▶ _Data_
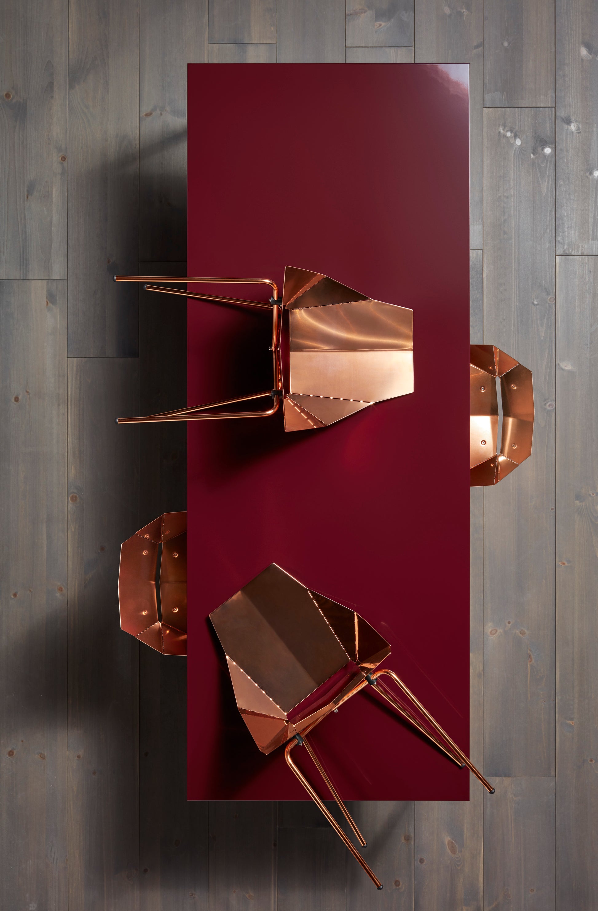 Sashay! Shantay! Strut works its architectural angles to the max. Ample work space, dining space or dance space. Powder-coated steel frame with polyurethane wood substrate top
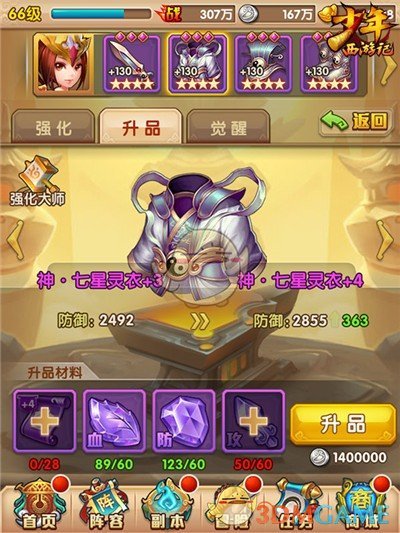 消耗银币可以小幅度提升装备基础属性,提升到限定等级后,需要对装备进行“升品”(提升颜色品质)。
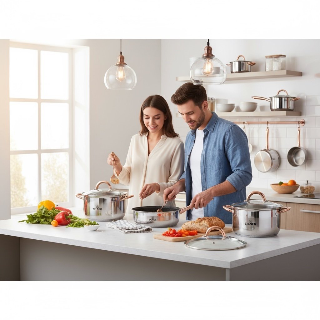 ZILNER zestaw garnków 12 elementów to kompletny, elegancki i trwały zestaw garnków ze stali nierdzewnej do codziennego gotowania. Komplet jest przystosowany do kuchenek indukcyjnych i gazowych, a także płyt elektrycznych i ceramicznych, dlatego świetnie sprawdzi się w każdym domu – od nowoczesnej kuchni po mieszkanie wynajmowane. Wybierając komplet garnków 12 el., otrzymujesz pełen zakres pojemności do przygotowywania zup, sosów, makaronów, dań jednogarnkowych i potraw duszonych.
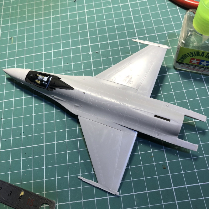 하세가와 F-16은 오메가형 캐노피를 재현하지 않아서 가운데 파팅라인을 없애는 과정은 없었습니다.

▶ _Problem details_
Print the data above verbatim from the first line through the line holding "消耗银币可以小幅度提升装备基", leaving every picture out.

▶ _Solution below_
 Sashay! Shantay! Strut works its architectural angles to the max. Ample work space, dining space or dance space. Powder-coated steel frame with polyurethane wood substrate top
 消耗银币可以小幅度提升装备基础属性,提升到限定等级后,需要对装备进行“升品”(提升颜色品质)。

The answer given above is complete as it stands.